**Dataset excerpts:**
-- Opening Marker --
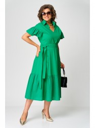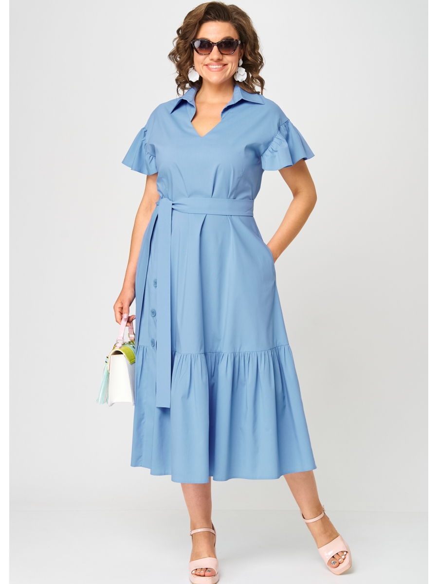 Платье женское нарядно-повседневное полуприлегающего силуэта расширенное к низу. Выполнено из хлопка. Вырез горловины фигурный, воротник на стойке с фигурным вырезом. Рукав спущенный из отделочной ткани по низу с воланом собранным на сборку. Платье отрезное по линии талии. Юбка ассиметричная с застежкой доверху на обметанные петли и пуговицы в боковых швах обработаны карманы. По низу юбки притачной волан из основной ткани.
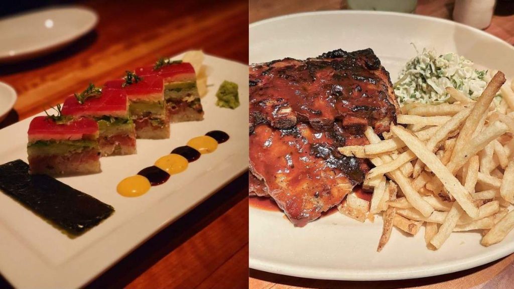Some menu highlight items include house-made veggie burgers, Thai Noodle Salad, Hiramasa Roll, Rotisserie Chicken, Spicy Tuna Roll, and more delicacies. French Martini, Le Boulevardier, and Jackrabbit are a few drinks that were served at Woodmont Grill.
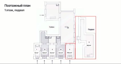 1094581. Предлагаем помещение свободного назначения, площадью 212 кв. м., расположенное на первом этаже и в подвале 8-этажного жилого дома.
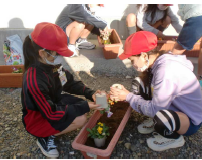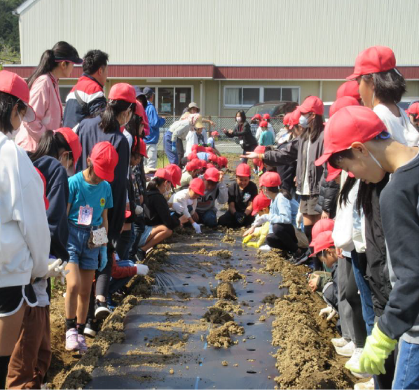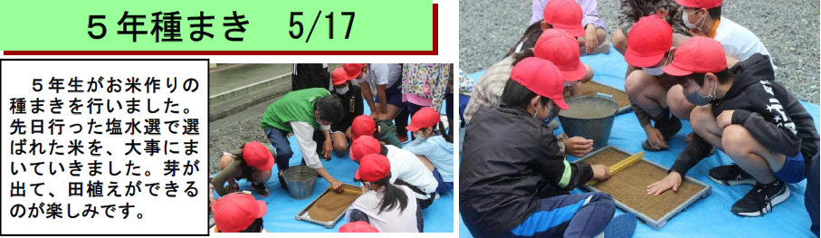 今年度も中地区の浅野精一様(学校運営協議会委員)と奥様の依子様の御指導により、4月11日に全校児童でトウモロコシの種植えを行いました。「まず、指で穴をあけてから種をまくよ。」「そうっと土をかぶせてね。」…6年生が入学したばかりの1年生にトウモロコシの種の植え方を優しく教えています。【写真左】
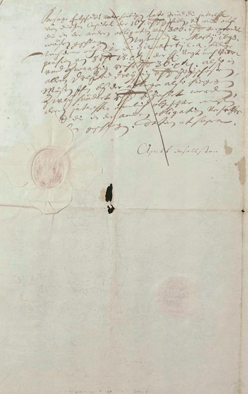 Die Gemeinde Dausenau bekennt Johann Nikolaus Hermann, Damstädtischem Vogt zu Ems, 167 Rtlr. zu schulden. 1693 März 8/12 erhöht das Amt Nassau die Schuld wegen rückständiger Zinsen auf 2oo Reichsthaler.Ems.....Siegel des Gerichts Dausenau: Unterschriften des Schultheißen und der Schöffen.
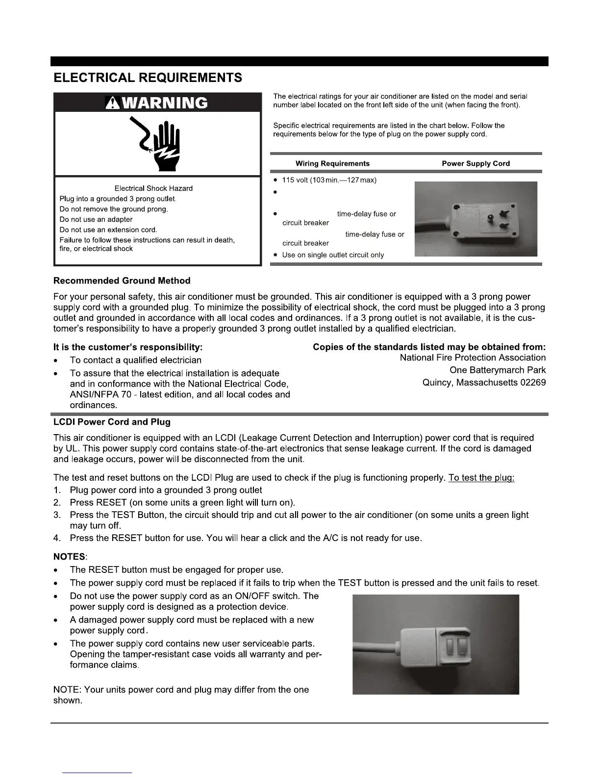 Emerson EARC8RE1 - Electrical Requirements; Electrical Shock Hazard Warning; Wiring, Power Cord, and Grounding; LCDI Power Cord Functionality
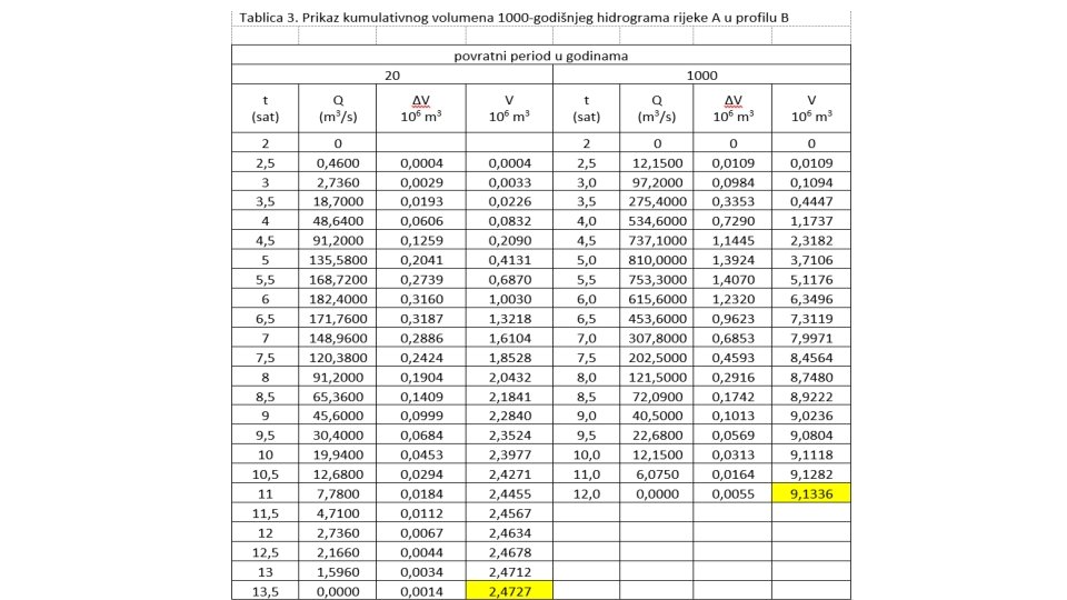 3) Proračun transformacije vodnog vala II) Definiranje početnih uvjeta za transformaciju 1000 godišnjeg vodnog vala Početak transformacije – volumen hidrograma u funkciji vremena • 4, 5 h V=2, 3182 x 106 m 3 • 5 h V=3, 7106 x 106 m 3 Trasformacija započinje u t 1000= 4, 56 h, odnosno 4 h i 34 min Vrijednost ordinate hidrograma, tj. protoka, u trenutku početka transformacije • 4, 5 h Q= 737, 10 m 3/s • 5 h Q= 810, 0 m 3/s Vrijednost protoka u trenutku početka transformacije iznosi Q=741, 12 m 3/s
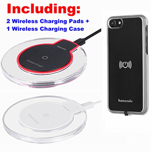 hanende - طقم شاحن لاسلكي لهاتف آيفون 7، هانند [صديق للنوم] وسادة شحن لاسلكية تشى وحافظة استقبال لاسلكية لآيفون 7 (2 شواحن لاسلكية + 1 حافظة شحن لاسلكية) (أسود)، من هاندي
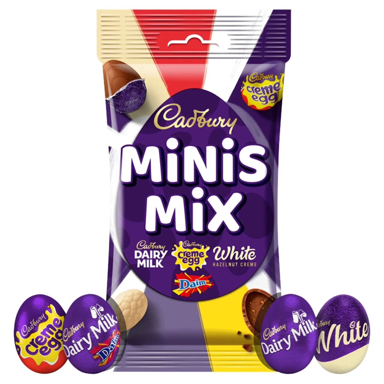 Celebrate Easter with the Cadbury Minis Mix 238g Bag - a selection of mini Cadbury eggs, including Mini Cadbury Creme Eggs, Cadbury Daim Eggs, Cadbury Dairy Milk Eggs, and Cadbury White Hazelnut Eggs. With a mix of textures and flavours, it's a great choice for gifting, sharing, or enjoying throughout the season. For over 200 years, Cadbury has been making chocolate that feels like home. From a little pick-me-up to something to share, its unmistakably creamy taste has been a part of everyday moments and big celebrations alike.
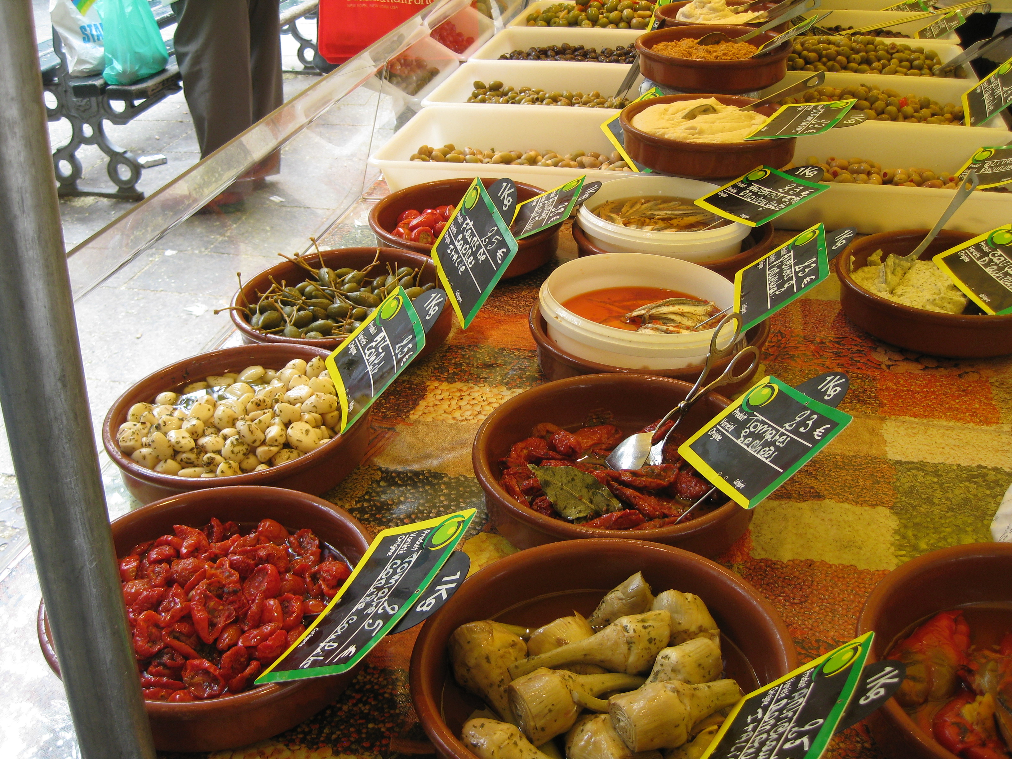 Olives and roasted goodies at the market.
-- Closing Marker --
**Exercise description:**
A verbatim copy of the entries, without the pictures, is what this task requires.

**The completed task:**
 Платье женское нарядно-повседневное полуприлегающего силуэта расширенное к низу. Выполнено из хлопка. Вырез горловины фигурный, воротник на стойке с фигурным вырезом. Рукав спущенный из отделочной ткани по низу с воланом собранным на сборку. Платье отрезное по линии талии. Юбка ассиметричная с застежкой доверху на обметанные петли и пуговицы в боковых швах обработаны карманы. По низу юбки притачной волан из основной ткани.
Some menu highlight items include house-made veggie burgers, Thai Noodle Salad, Hiramasa Roll, Rotisserie Chicken, Spicy Tuna Roll, and more delicacies. French Martini, Le Boulevardier, and Jackrabbit are a few drinks that were served at Woodmont Grill.
 1094581. Предлагаем помещение свободного назначения, площадью 212 кв. м., расположенное на первом этаже и в подвале 8-этажного жилого дома.
 今年度も中地区の浅野精一様(学校運営協議会委員)と奥様の依子様の御指導により、4月11日に全校児童でトウモロコシの種植えを行いました。「まず、指で穴をあけてから種をまくよ。」「そうっと土をかぶせてね。」…6年生が入学したばかりの1年生にトウモロコシの種の植え方を優しく教えています。【写真左】
 Die Gemeinde Dausenau bekennt Johann Nikolaus Hermann, Damstädtischem Vogt zu Ems, 167 Rtlr. zu schulden. 1693 März 8/12 erhöht das Amt Nassau die Schuld wegen rückständiger Zinsen auf 2oo Reichsthaler.Ems.....Siegel des Gerichts Dausenau: Unterschriften des Schultheißen und der Schöffen.
 Emerson EARC8RE1 - Electrical Requirements; Electrical Shock Hazard Warning; Wiring, Power Cord, and Grounding; LCDI Power Cord Functionality
 3) Proračun transformacije vodnog vala II) Definiranje početnih uvjeta za transformaciju 1000 godišnjeg vodnog vala Početak transformacije – volumen hidrograma u funkciji vremena • 4, 5 h V=2, 3182 x 106 m 3 • 5 h V=3, 7106 x 106 m 3 Trasformacija započinje u t 1000= 4, 56 h, odnosno 4 h i 34 min Vrijednost ordinate hidrograma, tj. protoka, u trenutku početka transformacije • 4, 5 h Q= 737, 10 m 3/s • 5 h Q= 810, 0 m 3/s Vrijednost protoka u trenutku početka transformacije iznosi Q=741, 12 m 3/s
 hanende - طقم شاحن لاسلكي لهاتف آيفون 7، هانند [صديق للنوم] وسادة شحن لاسلكية تشى وحافظة استقبال لاسلكية لآيفون 7 (2 شواحن لاسلكية + 1 حافظة شحن لاسلكية) (أسود)، من هاندي
 Celebrate Easter with the Cadbury Minis Mix 238g Bag - a selection of mini Cadbury eggs, including Mini Cadbury Creme Eggs, Cadbury Daim Eggs, Cadbury Dairy Milk Eggs, and Cadbury White Hazelnut Eggs. With a mix of textures and flavours, it's a great choice for gifting, sharing, or enjoying throughout the season. For over 200 years, Cadbury has been making chocolate that feels like home. From a little pick-me-up to something to share, its unmistakably creamy taste has been a part of everyday moments and big celebrations alike.
 Olives and roasted goodies at the market.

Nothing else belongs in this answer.